Awesome! These have great flavor and texture and they are healthy! I made buttermilk using buttermilk powder and water that I then soaked my bran buds in. I used applesauce in place of the oil. I used only 1/3 cup brown sugar and then added almost 1/3 cup honey. I used whole wheat flour. Lastly, I added 1 chopped apple instead of the raisins. I filled 12 muffins cups to the brim! They came out of the oven perfectly!
This recipe is wonderful!! It didn't look fancy by looking at the ingredients but that's what makes it great. I followed the reciped exactly (no substitutions) and they are moiste, flavourful and not too sweet!!!! Yummy! I'm sending 2 dozen to work with my hubby tomorrow and they are going to be a hit!
A very tasty muffin! I substituted applesauce for oil, halved the sugar, and used whole wheat flour -- they still came out nice and moist. I also plumped the raisins and added 1 tsp. cinnamon for a little added spice. Great with coffee!
This recipe is pretty good, I took others' advice and used 6 oz of plain greek yogurt plus a little splash of 1% milk in place of the buttermilk and used 1/3rd cup of applesauce for the oil. I also added some choco chips (which make everything taste better) and some strawberry jam into the middles of them.... they are quite tasty! I'd make them again.
These were great and very moist. I used half oil and half applesauce. I also made some with blueberries. These were enjoyed by all.
I gave 5 stars, but I altered the recipe a LOT. I used 2 cups of bran flakes put through the food processor to break them up with a cup of skim milk and a tablespoon of lemon juice for the buttermilk. I also used 1/3 c. of applesauce and three tablespoons of eggwhites. I used only 1/2 c. of wheat flour. I added a half teaspoon of cinnamon, a quarter teaspoon of nutmeg, and cut the sugar down to about 1/2 c. dark brown sugar. I also added 1/3 c. chopped walnuts! I made 6 big muffins and baked for about 25 minutes at 375! They turned out beautifully, I can't wait to eat them for breakfast every day this week!
These are fantastic! Raisins do not agree with me so I used chopped pecans, YUM! Next time I will through in some dried currants. I am the only one that wants to eat something like this which is OK by me. They stayed fresh for the whole week. Breakfast was heaven.
Great done with 1/2 applesauce and 1/2 olive oil. May try to reduce the sugar next time.
I had a craving for Bran Muffins after having them in the hospital. I know that sounds funny, with hospital food's reputation, but these muffins were delicious! I found this recipe and had to try it. The only change I did was adding 2 teaspoons of vinegar to 1% milk to make buttermilk. They turned out fantastic! This recipe is a keeper!

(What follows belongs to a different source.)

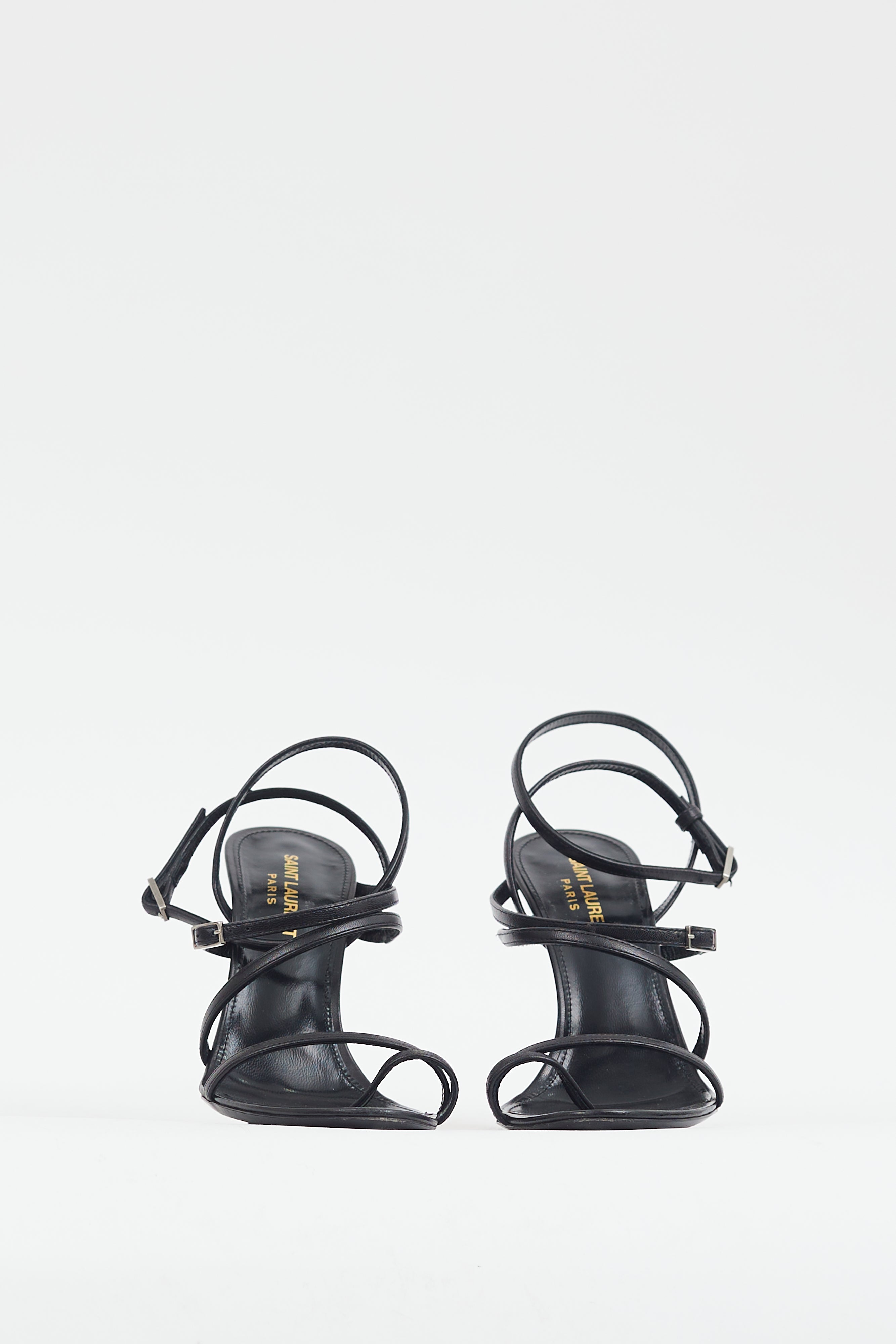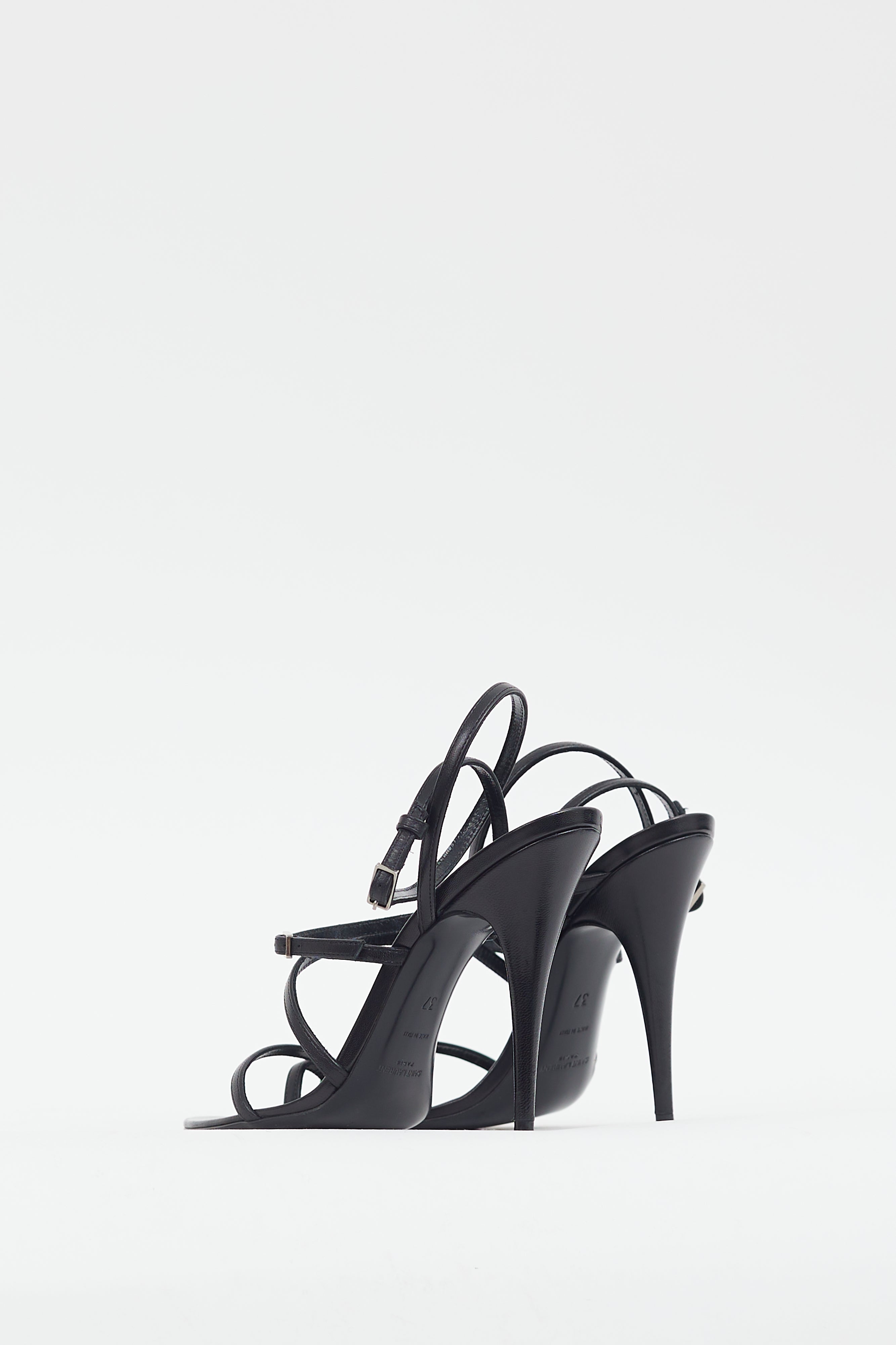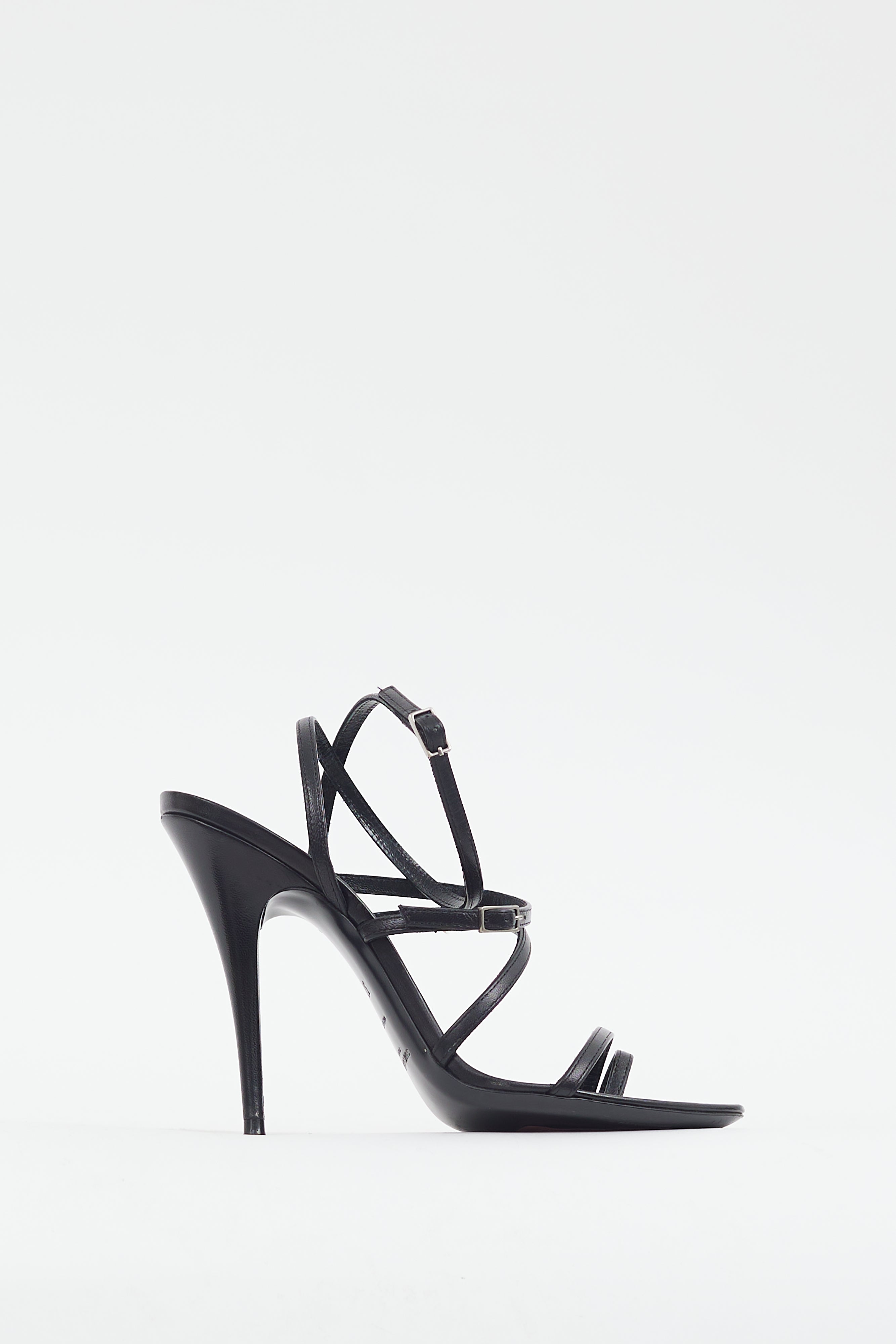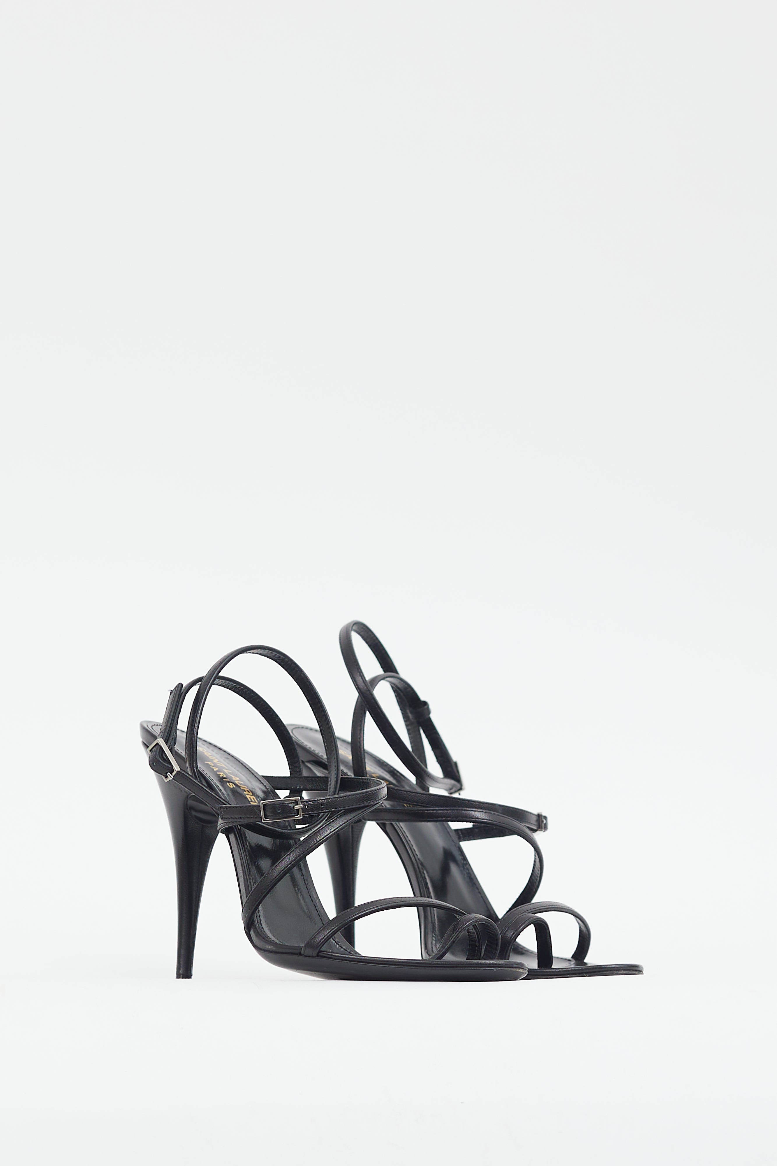 Pre-owned Saint Laurent black leather strappy heels featuring rounded toe, multi-strap upper, silver tone hardware, adjustable straps with buckles at ankle and vamp, wooden stiletto heel, and leather insoles.

These are THE BEST bran muffins. They are incredibly light, flavourful and totally addictive! My husband once ate an entire 6-pan in one sitting. The recipe is also very forgiving. -> Use blueberries instead of raisins; either fresh or frozen (let thaw while you prep the rest). Mix into the wet ingredients. -> Use "Soured" milk instead of buttermilk. Place 2 tbsp apple cider vinegar into a measuring cup and top with milk to measure 1 cup. Try with other fruit-flavoured vinegars. -> Replace half of oil with flavoured olive oil. Lemon olive oil adds a nice, light, bright tang. -> Combine wet and dry ingredients and place into muffin tins JUST BEFORE putting into oven, to preserve the leavening action of the acid and base. Double-acting baking powder is useful, too.
Im a chef and i made these for the first time. wow. i have never had bran muffins. they taste really healthy and boring lol. Ill stick to my rich flavored french desserts
This recipe is great. I like the flavor of molasses so I substitue 1/2 - 2/3 of a cup of molasses for the brown sugar. The extra liquid makes the muffins even more moist.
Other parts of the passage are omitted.